Lecture 26

The HSBC Purchasing Manager Index (PMI) measures the factory production based on the monthly responses of purchasing executives in around 500 manufacturing companies. A value over 50 means expansion and a value under 50 means contraction.

Now, should we use the WPI or the GDP deflator?
The GDP deflator measures the prices of all goods produced, whereas the WPI measures only the prices of goods/services bought by consumers. In particular, an increase in the price of goods bought by firms/government shows up in the former but not the latter. Also, imported goods are not part of the GDP and do not show up in the GDP deflator. Lastly, the WPI assigns fixed weights to the prices of different goods whereas the GDP deflator assigns changing weights (a fixed basket of goods v. a changing basket of goods).

We use two indices in general, the Laspeyres index (which works with a fixed basket of goods) and the Paasche index (which works with a changing basket of goods).
The Laspeyres price index is equal to

\[P = \frac{\sum p_t q_0}{\sum p_0 q_0} \times 100\]

and the Paasche price index is equal to

\[P = \frac{\sum p_t q_t}{\sum p_0 q_t} \times 100,\]

where \(P\) is the price index, \(p_t\) is the current price, \(q_t\) is the quantity used in the current period, \(p_0\) is the price of the base period, and \(q_0\) is the quantity used in the base period.

Laspeyres requires quantity data from only the base period, which allows a more meaningful comparison because changes in the index can be attributed to changes in price, but may overweight goods whose prices increase and does not reflect changes in buying patterns over time.
Paasche reflects current buying habits because it uses current quantities, but it requires quantity data from the current year, which may be difficult to obtain. It is difficult to attribute changes in the index to price changes alone and tends to overweight goods whose prices have declined. The prices need to be recomputed each year.
Fischer’s ideal index is equal to the geometric mean of these two indices.

When the prices of different goods are changing differently, the Laspeyres index tends to overstate the increase in cost of living. This is because it does not take into account that consumers can replace more expensive items with less expensive items.
Conversely, the Paasche index tends to understate the increase in cost of living. While it takes the substitution effect into account, but does not take into account the decrease in the consumers’ welfare resulting from this substitution (because we take a fixed basket of goods).
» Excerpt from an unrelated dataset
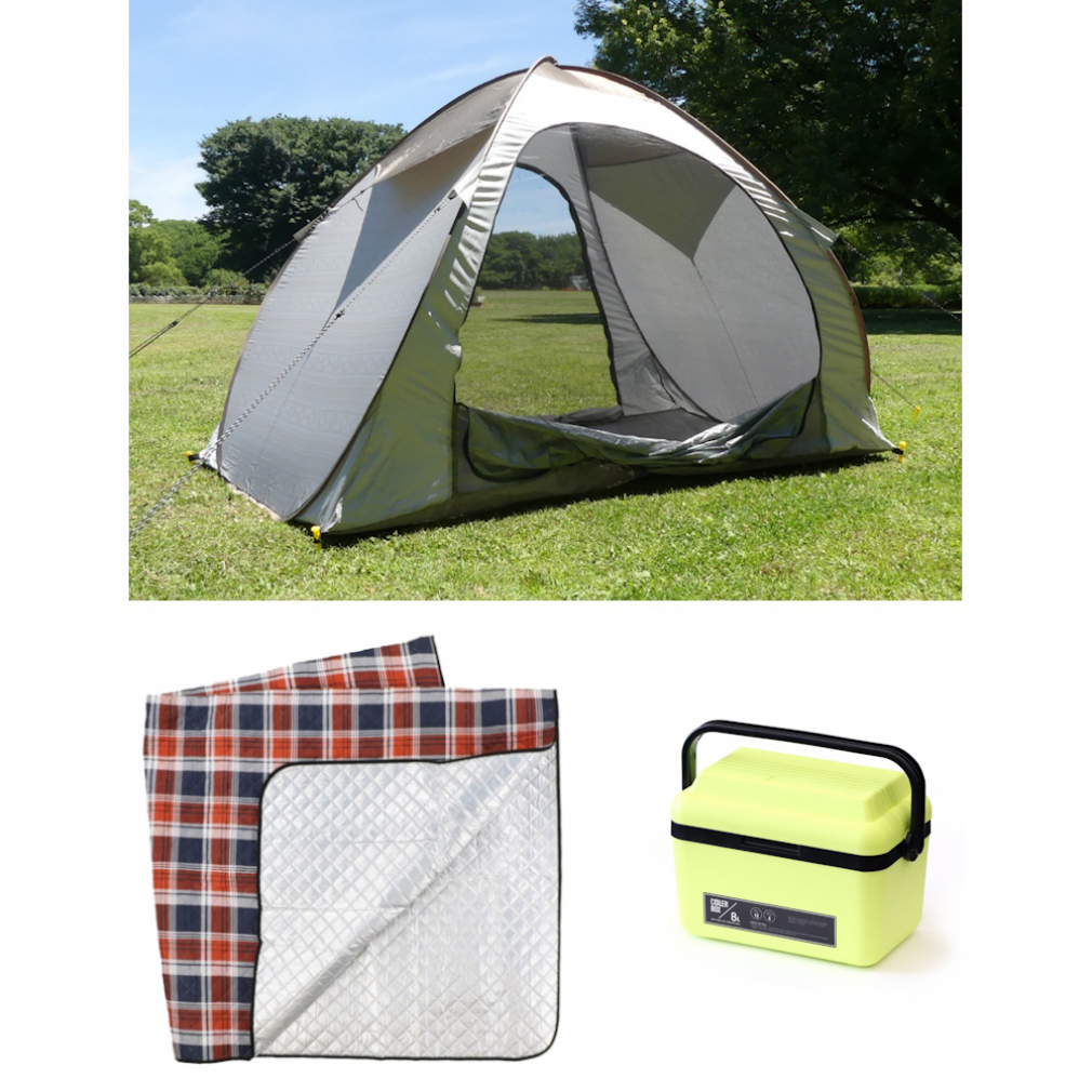◇広げるだけの簡単設営。アウトドアレジャーに最適な日よけテント。ワイドフロアで広々使える。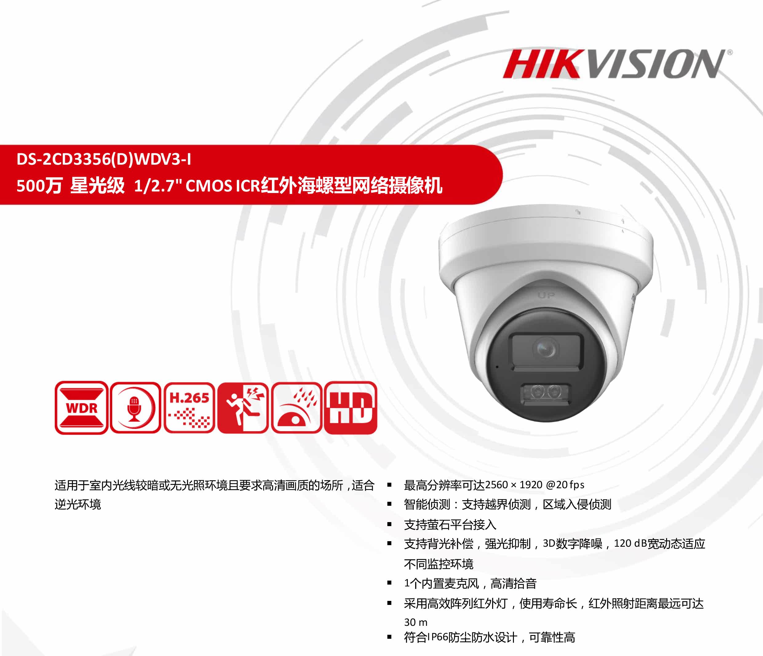 Hikvision DS-2CD3356WDV3-I 5 million star-level network high-quality camera supports POE

This issue is known as substitution bias.

As new goods are introduced, consumers have more choice so the dollar is worth more.
Some quality change may be unmeasured. If the quality of a good deteriorates while its price remains the same, the value of a dollar is dropping.

Therefore, it is difficult to compare WPI (Laspeyres) and the GDP deflator (Paasche), since they are both bad in their own ways. They follow similar trends.

We can compare today’s prices with that of a different year’s as

\[\text{Amount in today's dollars} = \text{Amount in other year's dollars} \times \frac{\text{Price level today}}{\text{Price level in other year}}.\]

When we perform the above correction, we are said to index the amount for inflation. Approximately, when we put our money in a bank, the real interest rate is equal to the nominal interest rate minus the inflation rate.

Unemployment rate is the statistic that measures the percentage of people who want to work but do not have jobs, reflecting the performance of the economy.

Labor force is the sum of the employed and unemployed, and the unemployment rate is the percentage of the labor force that is unemployed. The labor force participation rate is the percentage of the adult population that is in the labor force.
The average rate of unemployment around which the economy fluctuates is called the natural rate of unemployment. It is the rate of unemployment towards which the economy gravitates. It should be noted that natural does not mean desirable.